━━ Exercise data
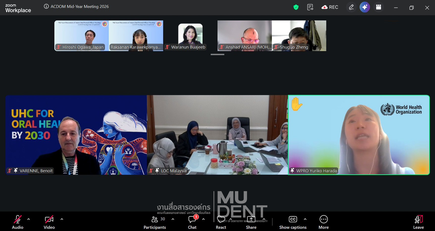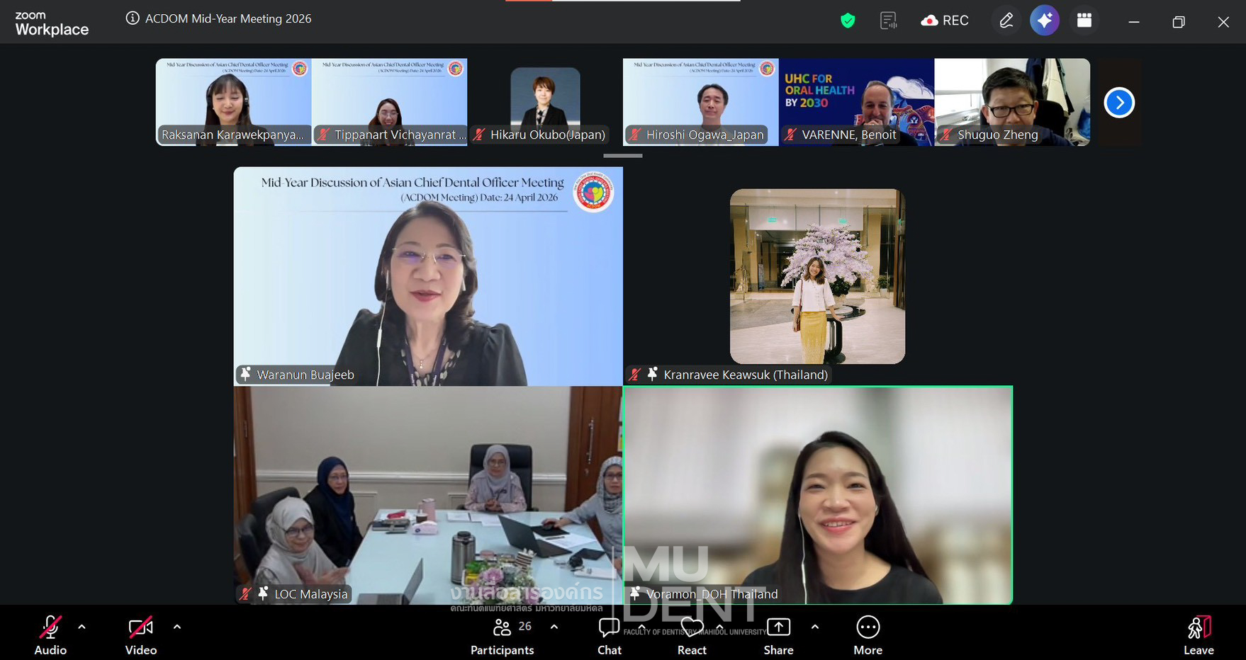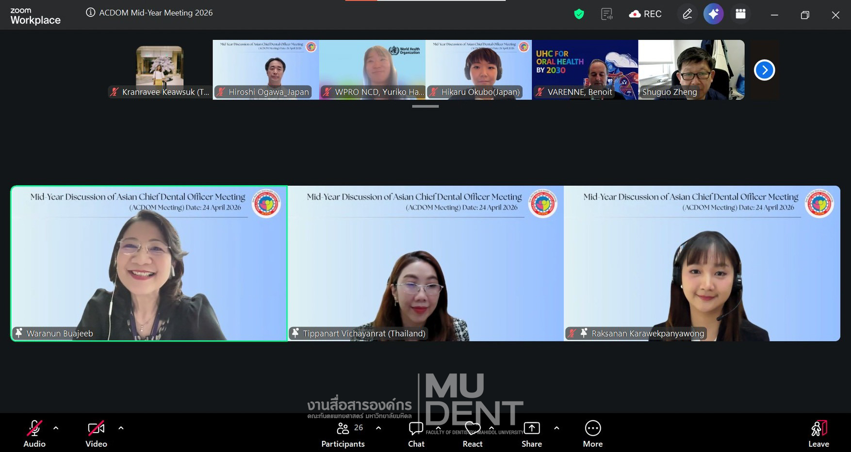 On April 24, 2026, Faculty of Dentistry, Mahidol University (DTMU), co-organized “Mid-Year Discussion of Asian Chief Dental Officers Meeting 2026” via Zoom. The delegation was led by Professor Dr. Waranun Buajeeb, Dean’s Advisor and Director of the WHO Collaborating Centre for Oral Health Education and Research at Faculty of Dentistry, Mahidol University, along with Associate Professor Dr. Tippanart Vichayanrat, Deputy Dean for International Relations and Organizational Communication and Lecturer Dr. Raksanan Karawekpanyawong from the Department of Community Dentistry, both of whom serve as WHO CC Committee Members and Co-Secretariats of ACDOM.
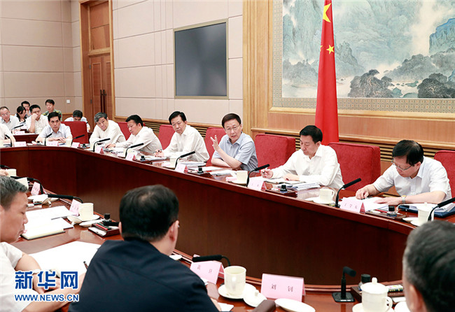 7月25日,中共中央政治局常委、國(guó)務(wù)院副總理、國(guó)務(wù)院推進(jìn)政府職能轉(zhuǎn)變和“放管服”改革協(xié)調(diào)小組組長(zhǎng)韓正在北京主持召開(kāi)國(guó)務(wù)院推進(jìn)政府職能轉(zhuǎn)變和“放管服”改革協(xié)調(diào)小組全體會(huì)議。 新華社記者 龐興雷 攝
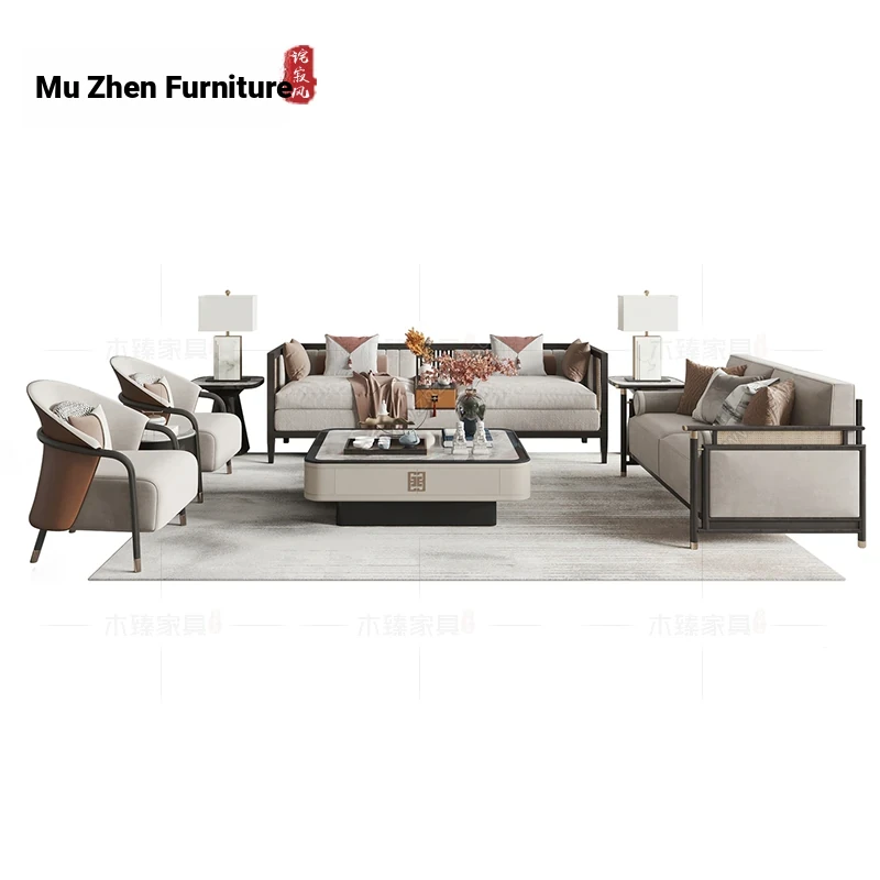 Elegant New Chinese Style Solid Wood Leisure Sofa Chair - Perfect for Sales Offices, Hotel Lounges, and VIP Meeting Rooms. Experience Luxury and Comfort in Every Conversation!
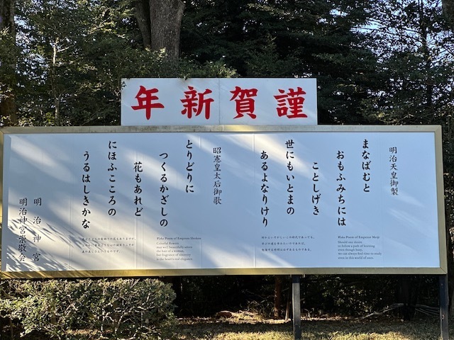 新年の明治神宮。御製に英語と現代語訳が添えられ、100年以上前の和歌が、今を生きる私たちにも静かに響きます。現場は常に進化しており、参拝者や海外ゲストへの配慮も少しずつ形を変えています。そうした変化に気づき、共有できることも、通訳ガイドの醍醐味。(2026/01/18)
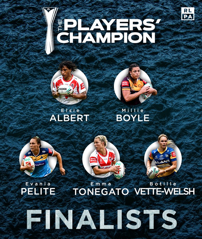 Elsie Albert (Dragons), Millie Boyle (Broncos), Evania Pelite (Titans), Emma Tonegato (Dragons), and Botille Vette-Welsh (Eels) are in contention for the honour after finishing in the top five voted players for the 2021 NRLW season.
━━━━
**What is being asked**
From the line containing "Elegant New Chinese" to the last line of the records, inclusive, output the lines exactly as written and nothing else; leave out the pictures.

**Exercise output**
 Elegant New Chinese Style Solid Wood Leisure Sofa Chair - Perfect for Sales Offices, Hotel Lounges, and VIP Meeting Rooms. Experience Luxury and Comfort in Every Conversation!
 新年の明治神宮。御製に英語と現代語訳が添えられ、100年以上前の和歌が、今を生きる私たちにも静かに響きます。現場は常に進化しており、参拝者や海外ゲストへの配慮も少しずつ形を変えています。そうした変化に気づき、共有できることも、通訳ガイドの醍醐味。(2026/01/18)
 Elsie Albert (Dragons), Millie Boyle (Broncos), Evania Pelite (Titans), Emma Tonegato (Dragons), and Botille Vette-Welsh (Eels) are in contention for the honour after finishing in the top five voted players for the 2021 NRLW season.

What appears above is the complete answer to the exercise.